### Directions for this task
Please restate word for word the lines of the entries below from the one with "谷まりあ。ar1・2月合併号より Tシャツ¥2,199/フィグメンツ(ウィゴー) スカート¥6,420/バッドレス(ネクスト)" to the one with "GUNDAM CaféTOKYO在9月6日(一)期間限定至9月12日(日)舉辦「CELESTIAL BEING", inclusive, and leave out every picture.

### Records for the exercise
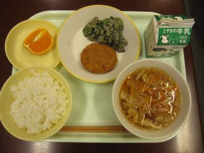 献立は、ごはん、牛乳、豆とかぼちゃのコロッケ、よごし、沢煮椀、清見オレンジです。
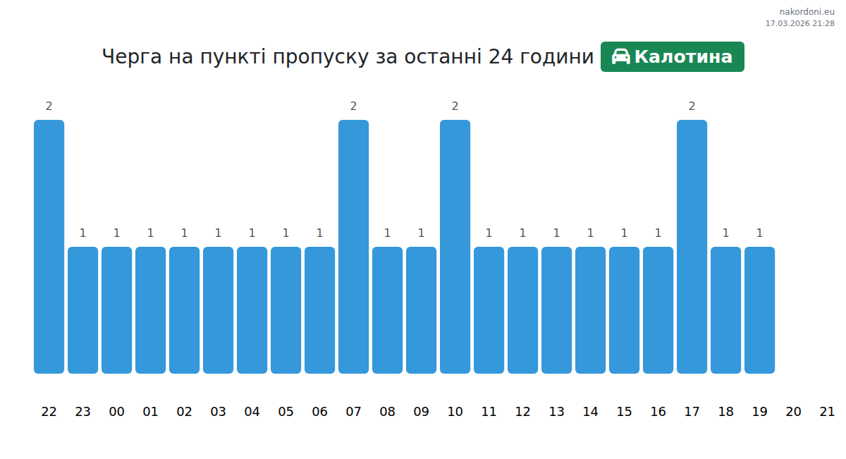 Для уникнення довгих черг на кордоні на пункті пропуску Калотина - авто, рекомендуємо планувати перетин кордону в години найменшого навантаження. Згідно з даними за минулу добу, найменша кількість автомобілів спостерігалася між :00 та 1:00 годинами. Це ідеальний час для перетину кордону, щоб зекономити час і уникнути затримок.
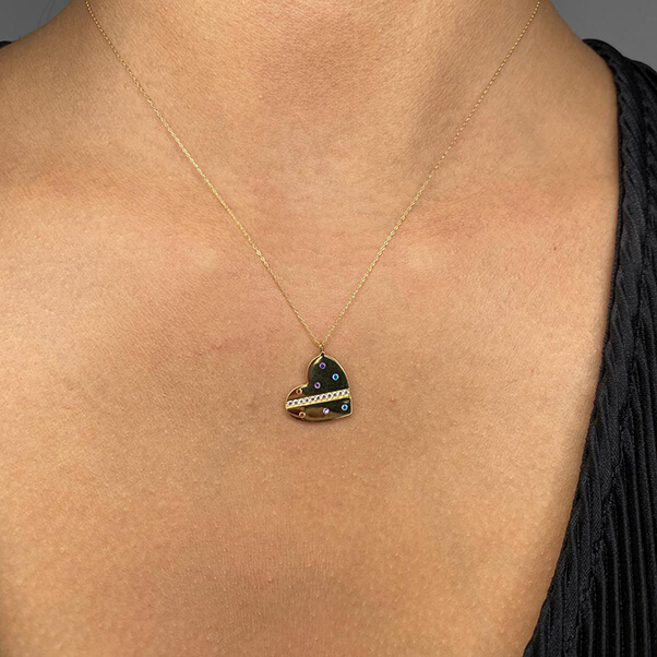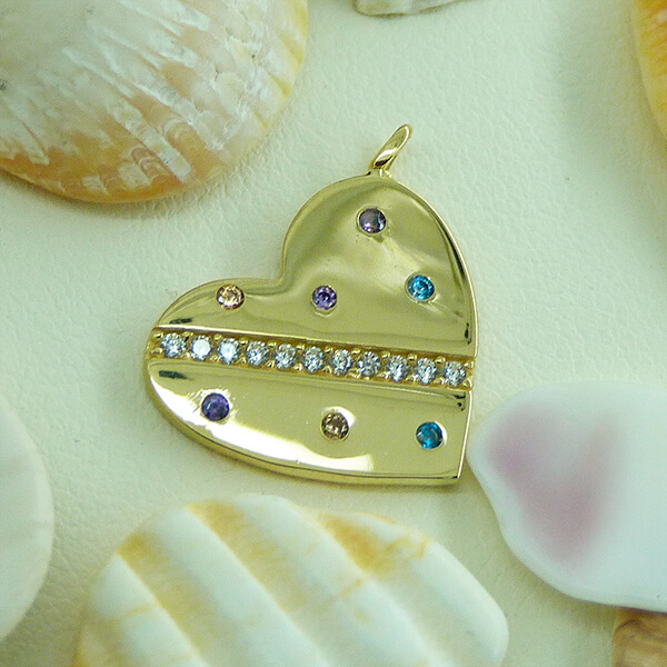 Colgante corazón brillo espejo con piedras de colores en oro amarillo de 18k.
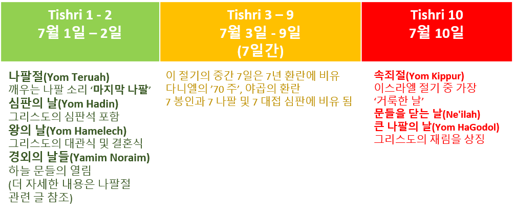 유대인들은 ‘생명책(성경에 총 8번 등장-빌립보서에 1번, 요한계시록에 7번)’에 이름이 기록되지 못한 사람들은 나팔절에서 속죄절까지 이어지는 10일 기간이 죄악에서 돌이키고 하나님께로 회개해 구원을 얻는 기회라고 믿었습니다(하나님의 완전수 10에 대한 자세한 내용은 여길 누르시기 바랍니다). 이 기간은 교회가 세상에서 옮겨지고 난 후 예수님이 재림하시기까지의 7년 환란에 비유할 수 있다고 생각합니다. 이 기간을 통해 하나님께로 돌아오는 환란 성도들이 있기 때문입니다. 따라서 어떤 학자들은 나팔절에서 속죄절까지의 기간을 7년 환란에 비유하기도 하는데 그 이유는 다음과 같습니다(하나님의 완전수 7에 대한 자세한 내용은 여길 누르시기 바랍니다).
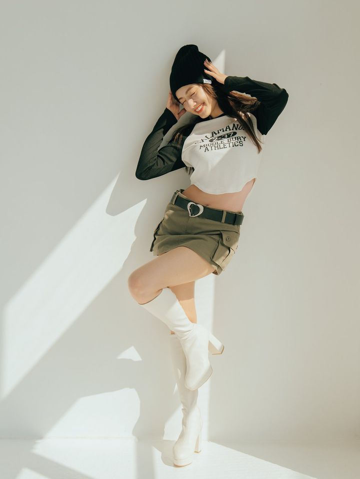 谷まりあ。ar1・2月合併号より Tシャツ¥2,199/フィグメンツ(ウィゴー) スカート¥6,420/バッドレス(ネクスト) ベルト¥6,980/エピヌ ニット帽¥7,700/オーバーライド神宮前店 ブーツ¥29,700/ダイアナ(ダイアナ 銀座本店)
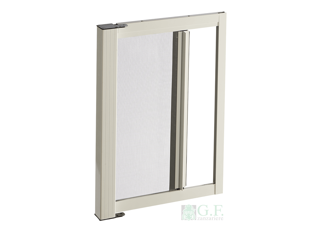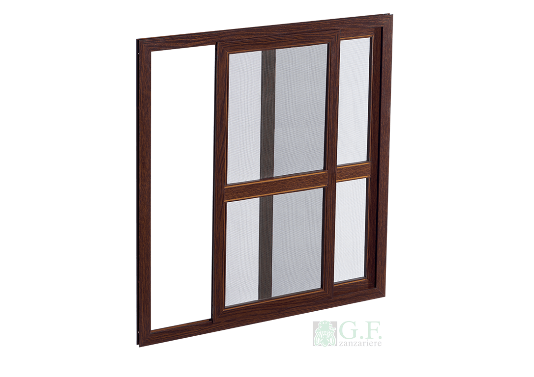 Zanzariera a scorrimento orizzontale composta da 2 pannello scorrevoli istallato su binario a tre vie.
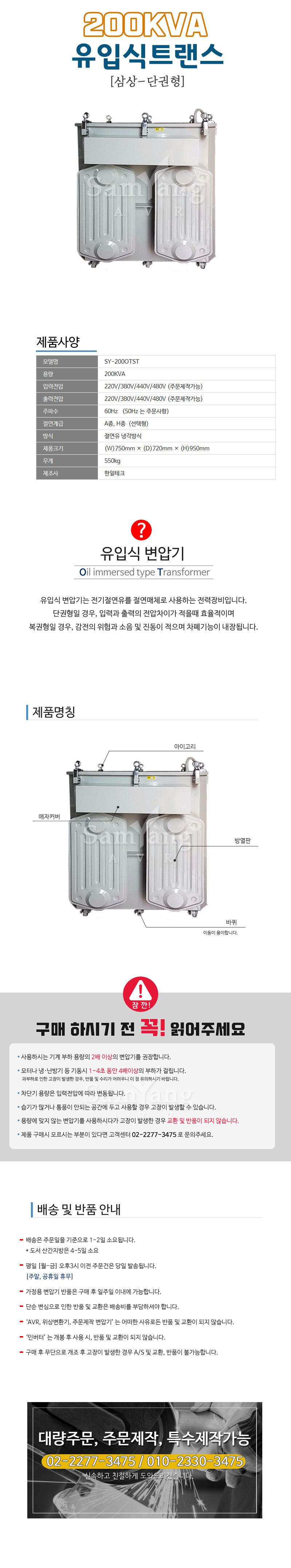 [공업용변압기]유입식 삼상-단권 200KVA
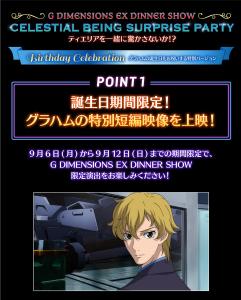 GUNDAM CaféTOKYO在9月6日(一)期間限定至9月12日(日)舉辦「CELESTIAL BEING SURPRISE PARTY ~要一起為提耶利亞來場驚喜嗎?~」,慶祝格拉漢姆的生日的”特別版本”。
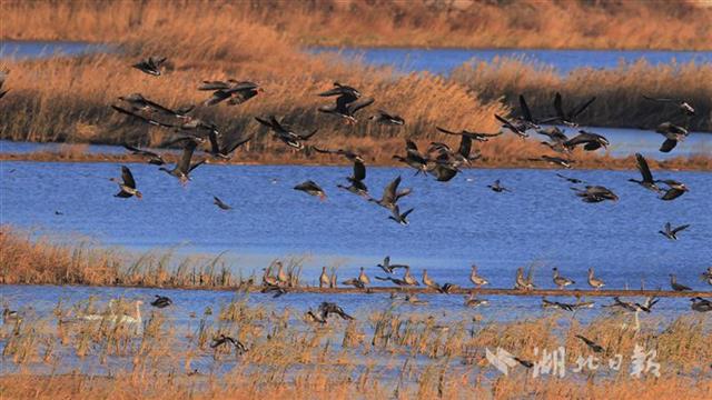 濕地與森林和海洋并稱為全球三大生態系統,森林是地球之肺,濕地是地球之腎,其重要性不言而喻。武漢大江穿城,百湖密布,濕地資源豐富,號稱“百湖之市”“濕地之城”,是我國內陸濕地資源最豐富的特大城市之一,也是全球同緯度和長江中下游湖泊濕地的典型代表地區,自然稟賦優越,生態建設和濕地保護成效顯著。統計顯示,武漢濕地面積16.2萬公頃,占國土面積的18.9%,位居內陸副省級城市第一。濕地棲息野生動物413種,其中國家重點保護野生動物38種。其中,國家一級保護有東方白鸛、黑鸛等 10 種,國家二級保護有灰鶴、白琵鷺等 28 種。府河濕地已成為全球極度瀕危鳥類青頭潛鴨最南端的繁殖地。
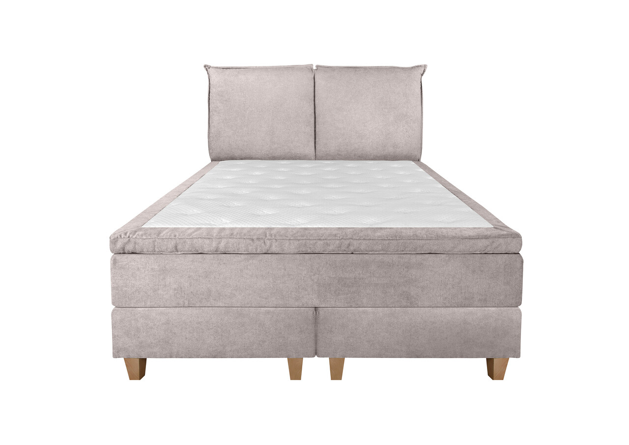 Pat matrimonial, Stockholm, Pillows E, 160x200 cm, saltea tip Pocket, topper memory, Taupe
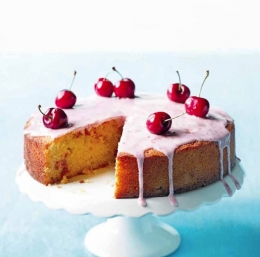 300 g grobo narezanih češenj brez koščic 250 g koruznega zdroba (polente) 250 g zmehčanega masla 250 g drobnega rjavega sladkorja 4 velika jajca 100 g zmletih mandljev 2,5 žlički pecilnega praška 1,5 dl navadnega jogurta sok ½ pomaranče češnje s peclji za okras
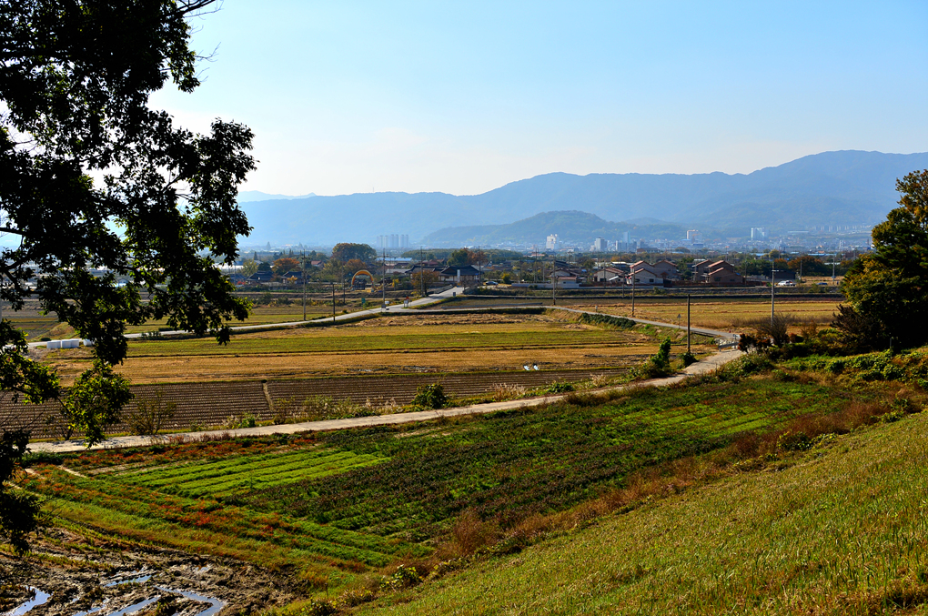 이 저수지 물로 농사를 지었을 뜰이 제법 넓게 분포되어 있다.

--

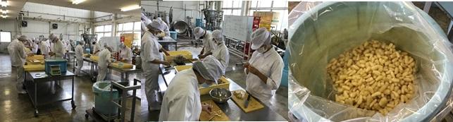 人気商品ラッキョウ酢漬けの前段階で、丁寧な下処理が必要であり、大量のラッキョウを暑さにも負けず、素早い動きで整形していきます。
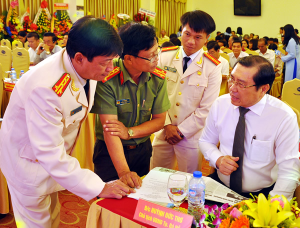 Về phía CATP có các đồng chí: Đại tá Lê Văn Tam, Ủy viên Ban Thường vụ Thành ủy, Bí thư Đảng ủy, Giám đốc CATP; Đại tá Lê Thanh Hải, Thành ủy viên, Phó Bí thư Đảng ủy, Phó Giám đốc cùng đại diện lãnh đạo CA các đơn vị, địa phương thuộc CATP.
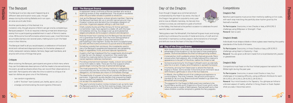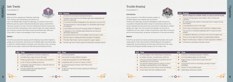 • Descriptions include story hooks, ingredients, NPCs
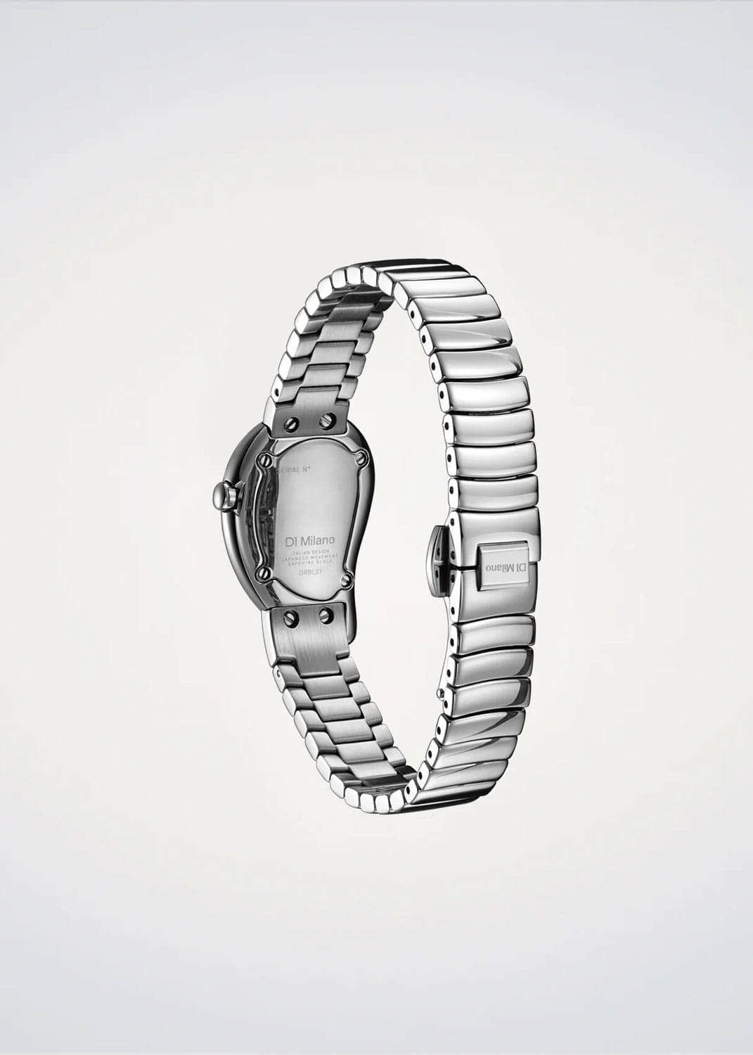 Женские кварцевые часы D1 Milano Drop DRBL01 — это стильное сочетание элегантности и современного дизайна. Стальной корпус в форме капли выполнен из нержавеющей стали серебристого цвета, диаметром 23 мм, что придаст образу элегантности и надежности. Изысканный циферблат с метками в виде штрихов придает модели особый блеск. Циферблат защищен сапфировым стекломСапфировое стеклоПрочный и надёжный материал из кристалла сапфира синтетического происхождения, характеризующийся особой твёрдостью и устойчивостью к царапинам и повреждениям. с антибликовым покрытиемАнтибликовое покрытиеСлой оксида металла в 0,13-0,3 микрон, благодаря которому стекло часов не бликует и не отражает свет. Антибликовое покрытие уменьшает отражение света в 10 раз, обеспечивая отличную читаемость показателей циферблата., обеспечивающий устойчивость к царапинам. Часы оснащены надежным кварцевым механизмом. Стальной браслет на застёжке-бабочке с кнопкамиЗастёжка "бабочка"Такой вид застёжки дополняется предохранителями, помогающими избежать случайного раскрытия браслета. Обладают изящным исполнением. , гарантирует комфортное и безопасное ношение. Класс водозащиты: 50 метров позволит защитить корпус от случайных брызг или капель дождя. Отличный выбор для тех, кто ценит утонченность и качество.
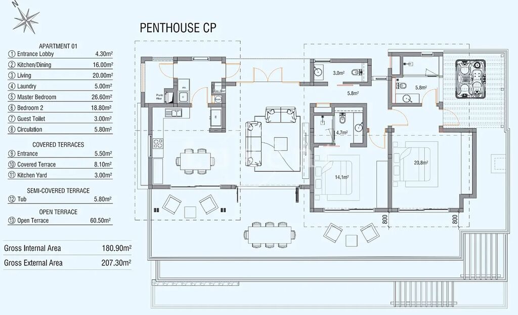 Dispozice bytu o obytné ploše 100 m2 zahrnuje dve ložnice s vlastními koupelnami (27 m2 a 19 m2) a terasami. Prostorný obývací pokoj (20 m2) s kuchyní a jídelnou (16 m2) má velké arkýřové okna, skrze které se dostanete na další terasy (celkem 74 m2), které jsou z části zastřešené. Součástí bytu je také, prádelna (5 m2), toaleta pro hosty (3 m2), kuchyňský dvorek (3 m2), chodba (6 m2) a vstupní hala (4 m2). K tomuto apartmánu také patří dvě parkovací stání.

### Response to this exercise
 谷まりあ。ar1・2月合併号より Tシャツ¥2,199/フィグメンツ(ウィゴー) スカート¥6,420/バッドレス(ネクスト) ベルト¥6,980/エピヌ ニット帽¥7,700/オーバーライド神宮前店 ブーツ¥29,700/ダイアナ(ダイアナ 銀座本店)
 Zanzariera a scorrimento orizzontale composta da 2 pannello scorrevoli istallato su binario a tre vie.
 [공업용변압기]유입식 삼상-단권 200KVA
 GUNDAM CaféTOKYO在9月6日(一)期間限定至9月12日(日)舉辦「CELESTIAL BEING SURPRISE PARTY ~要一起為提耶利亞來場驚喜嗎?~」,慶祝格拉漢姆的生日的”特別版本”。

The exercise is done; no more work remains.